What is needed:
Retype the records below exactly as they appear, but leave out any pictures.

Source information:

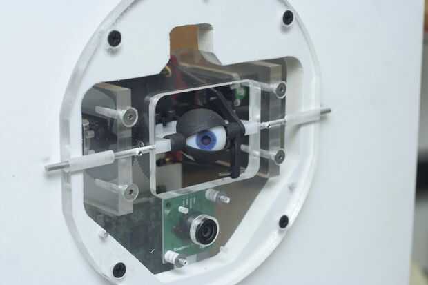 Todavía, un par de retos recortada para arriba: en primer lugar, los párpados superiores e inferiores del pivote sobre el mismo eje tan en alguna parte la parte superior y los párpados inferiores a frotar uno contra el otro. Mi solución fue bujes de cobre amarillo pequeña máquina que se deslizan sobre el eje para el párpado superior. Eso me da una de latón en ABS funcionamiento superficial que tiene posibilidades de funcionar bien.
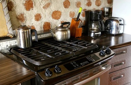 This 2-bedroom, 1-bathroom rental features a living room, a dining area, and a BBQ grill. Bathroom amenities include towels and toilet paper. The kitchen is equipped with an oven, a stovetop, and a refrigerator, as well as cookware, a toaster, and spices.
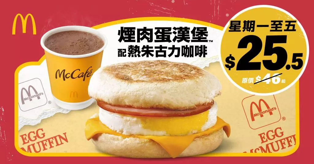 趁住50週年慶祝活動踏入尾聲,香港麥當勞特意由星期一(11月24日)起帶來經典組合熱朱古力咖啡,並同時驚喜推出港人最掛住的經典滋味之一「煙肉蛋漢堡」,期間限定的經典滋味「煙肉蛋漢堡配熱朱古力咖啡(細)」只售$25.5,與大家繼續麥麥慶祝 50 週年。同時,一系列McCafé 咖啡飲品將以限時優惠價登場,包括「$16 熱即磨黑咖啡或鮮奶咖啡 (細)」及「$19 凍即磨黑咖啡
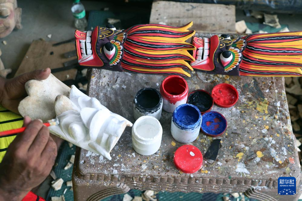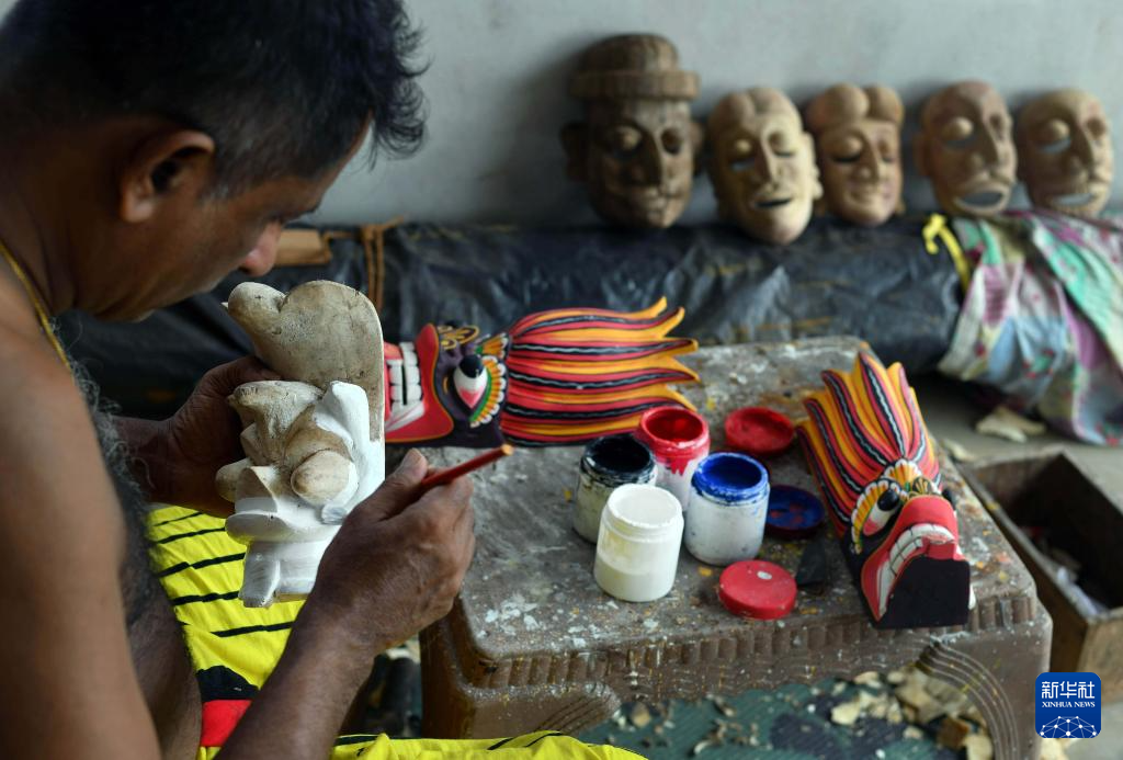 6月25日,一名手工艺者在斯里兰卡戈纳波拉村制作斯里兰卡传统面具。
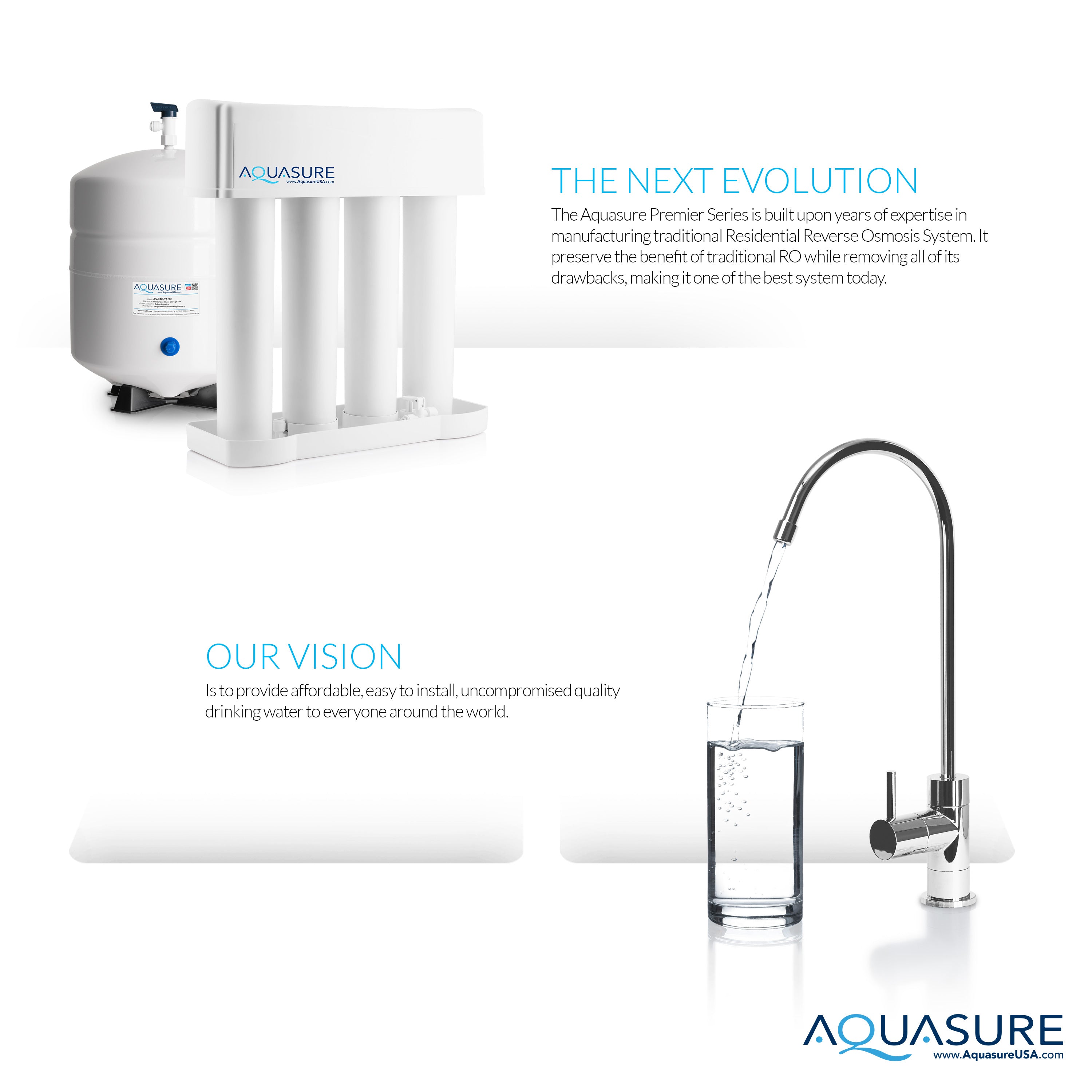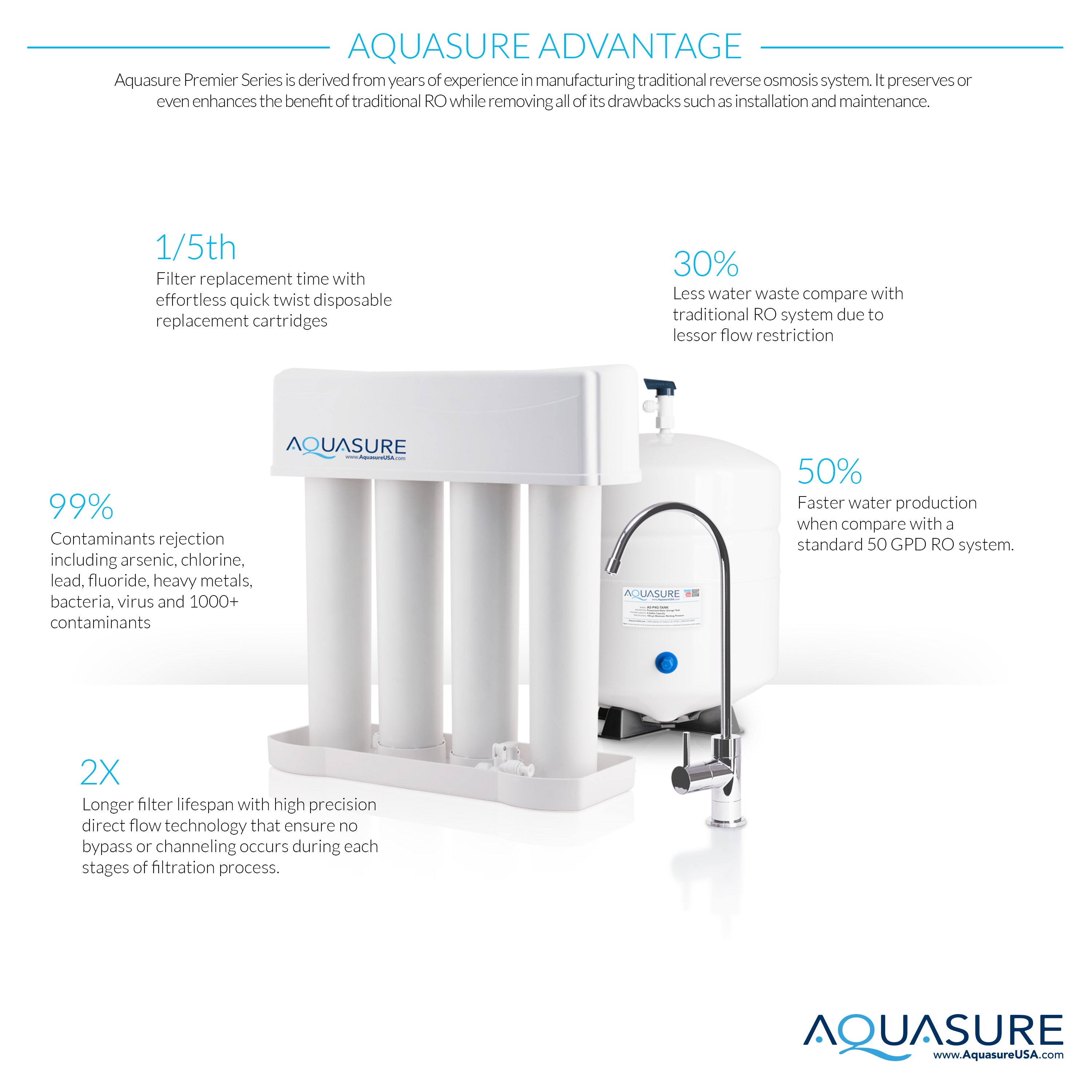 Aquasure Premier Advanced Series of Reverse Osmosis drinking water system is built to provide the best quality drinking water for the entire family. Its 4 stages water filtration process eliminate up to 99.9% of the containment in the water while giving you unlimited refreshing clean, healthy, crisp tasting water.
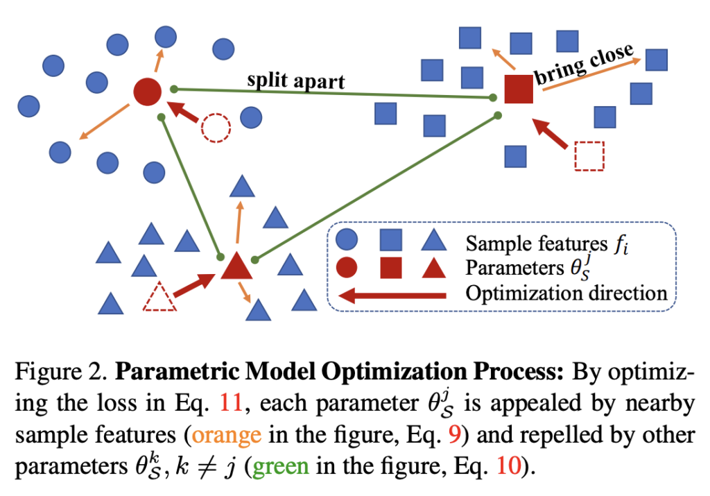 추출된 샘플 feature F^u_S와 정의한 파라미터 \theta_S의 차이점은 전자의 경우 데이터셋의 각 샘플에 해당하는 불연속적인 feature인 반면, 후자는 특징 공간에서 연속적이다 라는 점입니다.
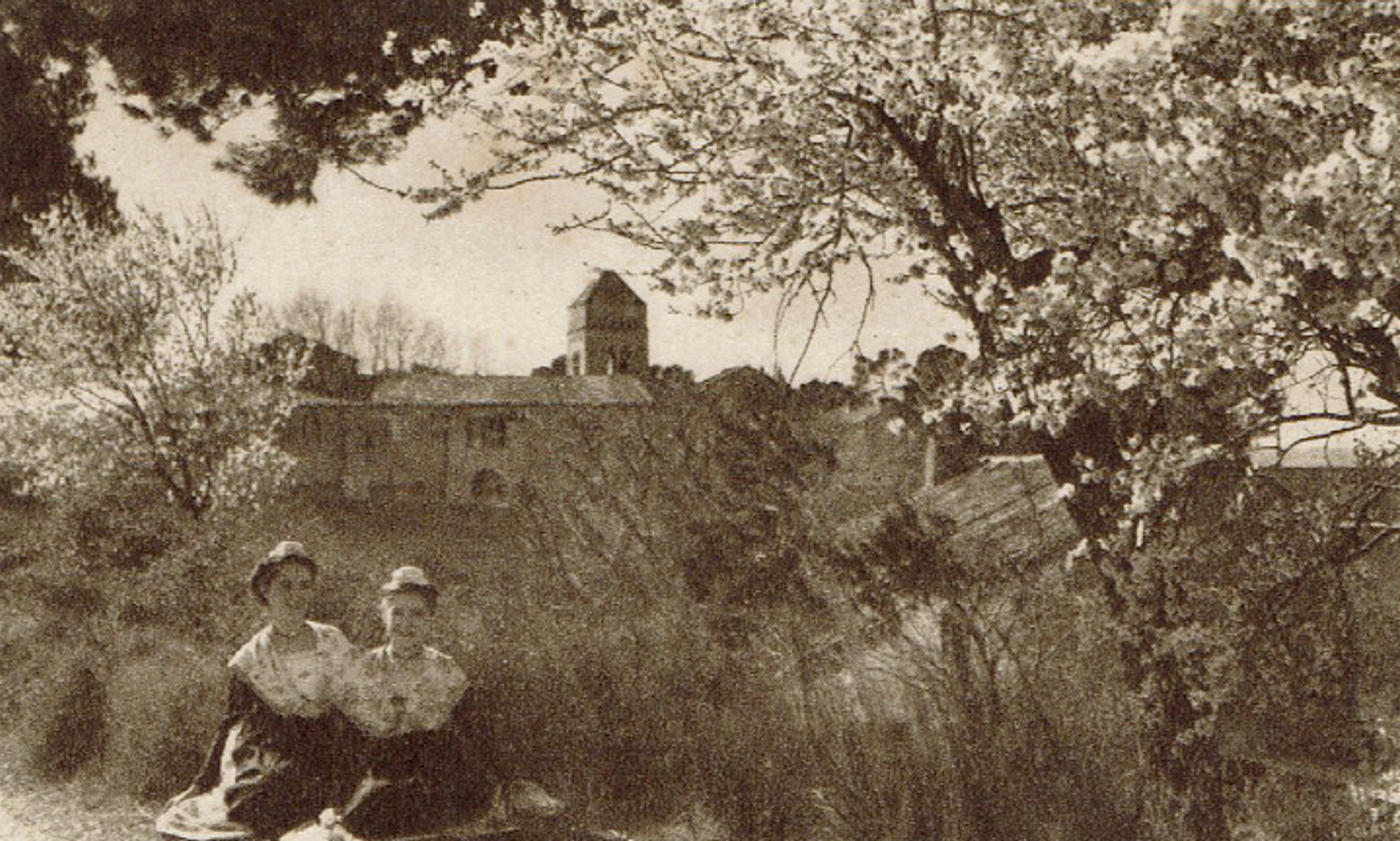 Almond trees just outside Saint-Paul-de-Mausole, with the asylum’s church in the background, postcard (1920s)
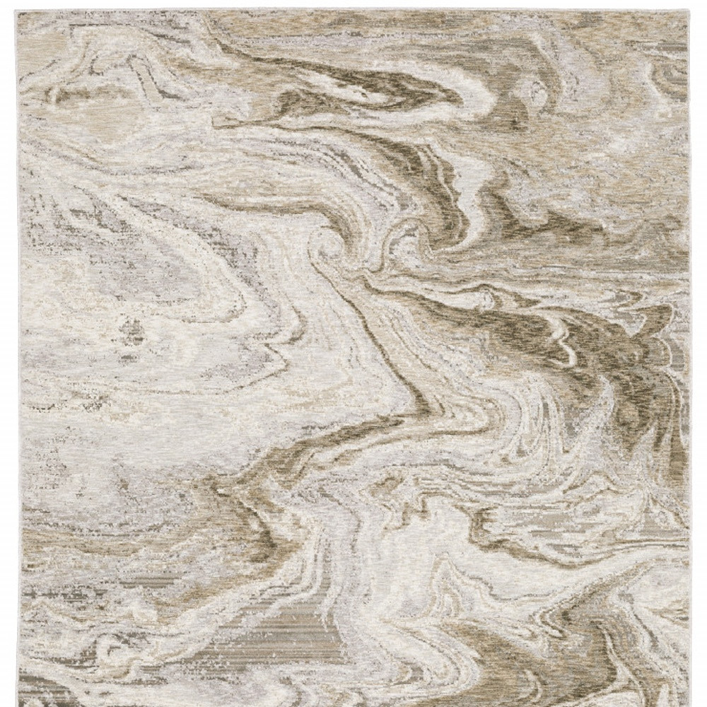 This 6' x 9' beige and ivory abstract power loom stain resistant area rug, is a great way to add warmth to a room. This rectangle shaped rug features a abstract design in beige and ivory to give it visual interest. A classic shape marries with good looking design for your space Ideal for spaces with kids and pets, this rug is stain resistant to help repel stains and spilled liquids. Place this area rug against a hardwood or tile floor and it will enliven your living space with style and sophistication. 0.31" H x 78.74" W x 116.54" D

Solution for this problem:
 Todavía, un par de retos recortada para arriba: en primer lugar, los párpados superiores e inferiores del pivote sobre el mismo eje tan en alguna parte la parte superior y los párpados inferiores a frotar uno contra el otro. Mi solución fue bujes de cobre amarillo pequeña máquina que se deslizan sobre el eje para el párpado superior. Eso me da una de latón en ABS funcionamiento superficial que tiene posibilidades de funcionar bien.
 This 2-bedroom, 1-bathroom rental features a living room, a dining area, and a BBQ grill. Bathroom amenities include towels and toilet paper. The kitchen is equipped with an oven, a stovetop, and a refrigerator, as well as cookware, a toaster, and spices.
 趁住50週年慶祝活動踏入尾聲,香港麥當勞特意由星期一(11月24日)起帶來經典組合熱朱古力咖啡,並同時驚喜推出港人最掛住的經典滋味之一「煙肉蛋漢堡」,期間限定的經典滋味「煙肉蛋漢堡配熱朱古力咖啡(細)」只售$25.5,與大家繼續麥麥慶祝 50 週年。同時,一系列McCafé 咖啡飲品將以限時優惠價登場,包括「$16 熱即磨黑咖啡或鮮奶咖啡 (細)」及「$19 凍即磨黑咖啡
 6月25日,一名手工艺者在斯里兰卡戈纳波拉村制作斯里兰卡传统面具。
 Aquasure Premier Advanced Series of Reverse Osmosis drinking water system is built to provide the best quality drinking water for the entire family. Its 4 stages water filtration process eliminate up to 99.9% of the containment in the water while giving you unlimited refreshing clean, healthy, crisp tasting water.
 추출된 샘플 feature F^u_S와 정의한 파라미터 \theta_S의 차이점은 전자의 경우 데이터셋의 각 샘플에 해당하는 불연속적인 feature인 반면, 후자는 특징 공간에서 연속적이다 라는 점입니다.
 Almond trees just outside Saint-Paul-de-Mausole, with the asylum’s church in the background, postcard (1920s)
 This 6' x 9' beige and ivory abstract power loom stain resistant area rug, is a great way to add warmth to a room. This rectangle shaped rug features a abstract design in beige and ivory to give it visual interest. A classic shape marries with good looking design for your space Ideal for spaces with kids and pets, this rug is stain resistant to help repel stains and spilled liquids. Place this area rug against a hardwood or tile floor and it will enliven your living space with style and sophistication. 0.31" H x 78.74" W x 116.54" D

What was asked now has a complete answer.